Confidence-Coverage Divergence (CCD): Same-axis repetition decreases output entropy (rising false certainty) while bug-class coverage stays flat. P2 Floor: When your false-positive rate crosses ~40% on two consecutive fresh-axis waves with zero new critical bugs, the surface is clean. The FP rate acts as an entropy meter. Rotation > Diversity: Rotating a single model across 3 orthogonal axes outperformed using 3 different models on the same axis.

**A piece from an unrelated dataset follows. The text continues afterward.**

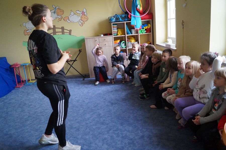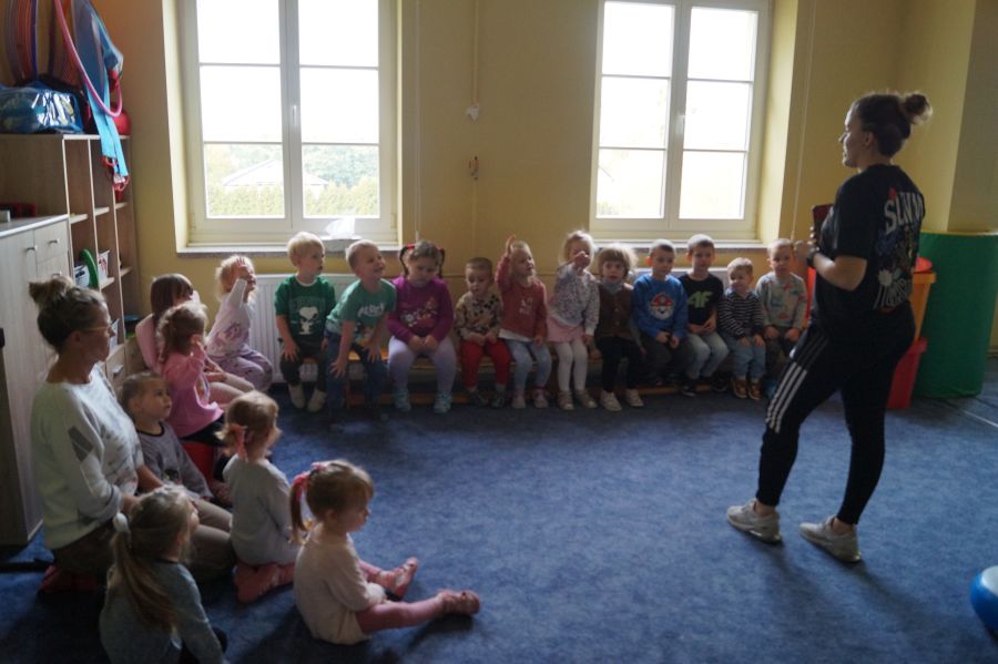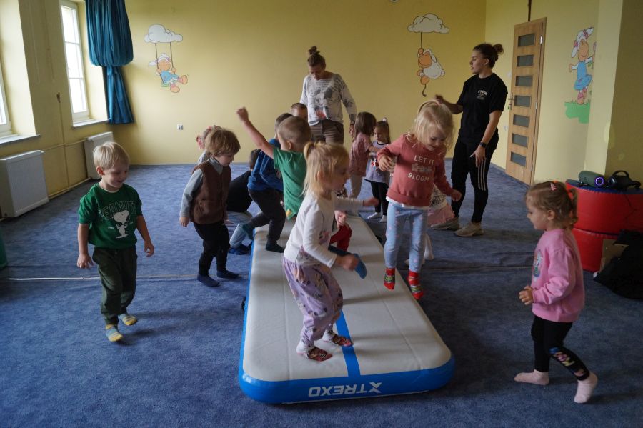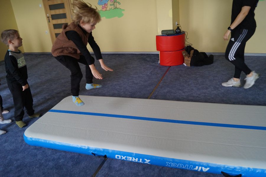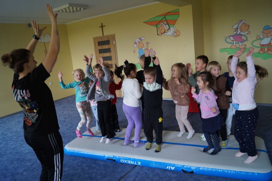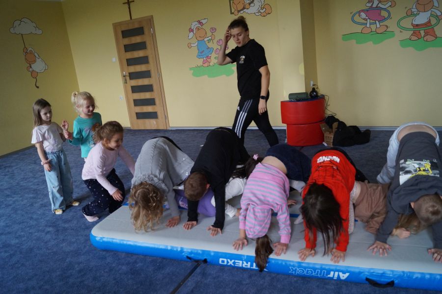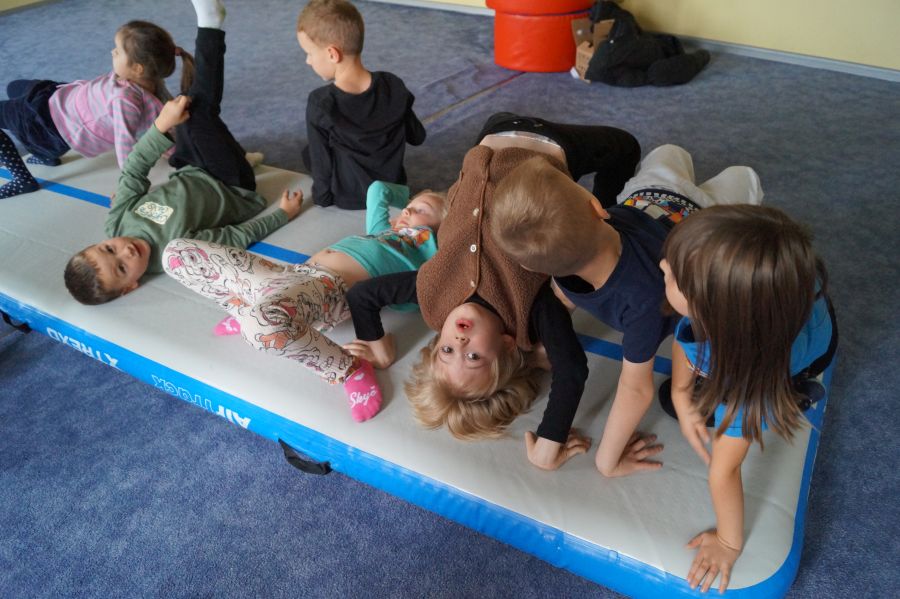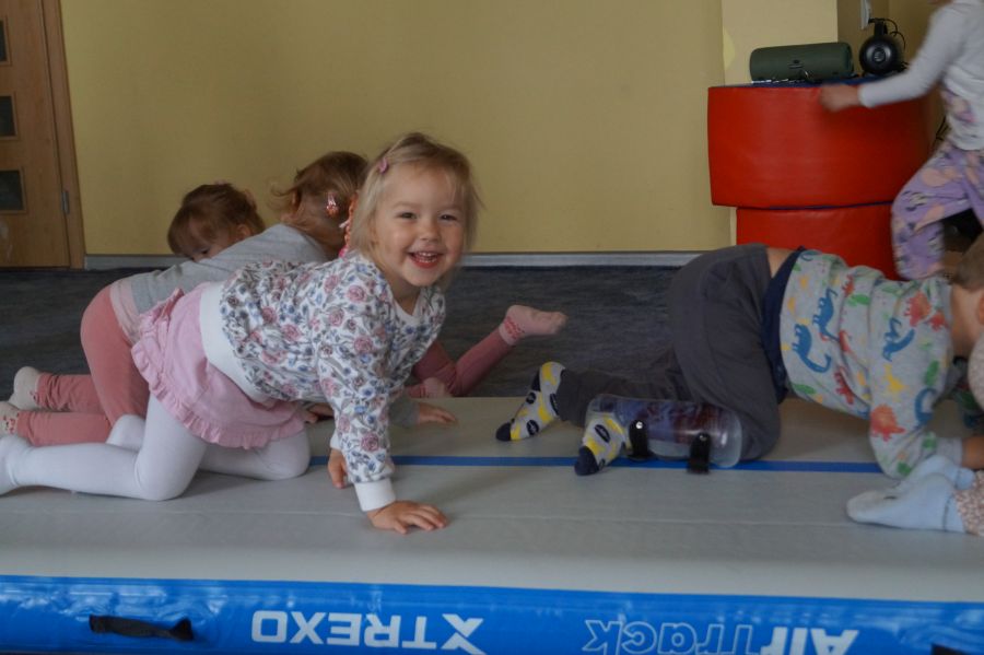 Przedstawicielka firmy sportowej, oferującej zajęcia z akrobatyki dla dzieci przeprowadziła zajęcia pokazowe w obu grupach. Dzieci oczywiście bardzo chętnie wzięły w nich udział 😉

Scale of the test: Earlier this week I ran a 36-hour marathon audit across 150+ surfaces. Yield: 60+ P0 bugs fixed and ~150 P1 bugs catalogued (e.g., OAuth sentinel bypasses, silent cache-invalidation race conditions). Each was invisible to other probe axes. The web app now feels the snappiest it’s ever been. Same-axis repetition plateaus at ~20% bug-class discovery yield, while orthogonal rotation reaches ~80% — a 4–5× advantage. I took the full 350K-line codebase to systemic P2 floor. The app is perceptibly faster afterward. I wrote a short paper formalizing the method and the supporting topological observations. To verify this wasn’t just a prompting trick, I ran persistent homology (Vietoris-Rips on Gemini semantic embeddings of 58 production bug classes). It revealed 20 significant β₁ interior loops — evidence that the bug classes form geometric structure in semantic space that same-axis probing structurally cannot exhaust. Preprint (Zenodo): https://doi.org/10.5281/zenodo.19223166 This is a single real-world codebase, not a controlled experiment. The survival curves are strong evidence, not final proof. What I’m genuinely curious about:
Has anyone else seen meaningfully better LLM bug detection by rotating audit axes? Does Confidence-Coverage Divergence (CCD) appear in LLM evaluation loops (RLHF, Constitutional AI)? What does the survival curve look like on a codebase you didn’t build yourself?
(19-year Ontario teacher | M.A., B.A. Philosophy · B.Sc. Physics. Built this for real families.)
chunpaiyang•1h ago
But you know, engineers bullshit each other all the time too. The difference is we have a way to verify it - logical chains. You have to build an argument that holds up before anayone buys in it.
So I though, can I make AI build its own logical chain ? Let it pass its own logic check before telling me the result.
That's how I created my own "think" skill. It's based on Meta's CoT paper: https://arxiv.org/abs/2501.04682
It roughly works like this: 1. FRAME - Challenge the question itself, hidden assumptions.
2. GROUND - Map what you know, what you need, what's missing.
3. ASSOCIATE - Launch multiple independent agents in parallel to generate hypotheses, avoid anchoring bias.
4. VERIFY - Break each hypothesis into atomic claims, verify each independently
5. CHAIN - Build a logical chain from survivors
6. PROVE and LOOP - Walk backwards from conclusion to premises, seearch for evidence, repair if broken
7. DELIVER - Start with "I was wrong if ...."
It helps me a lot. Whenever I need to check if Claude Opus 4.6 is bullshitting me. I just say "/think verify the above reasoning is correct" or "/think verify the above fix is correct and complete."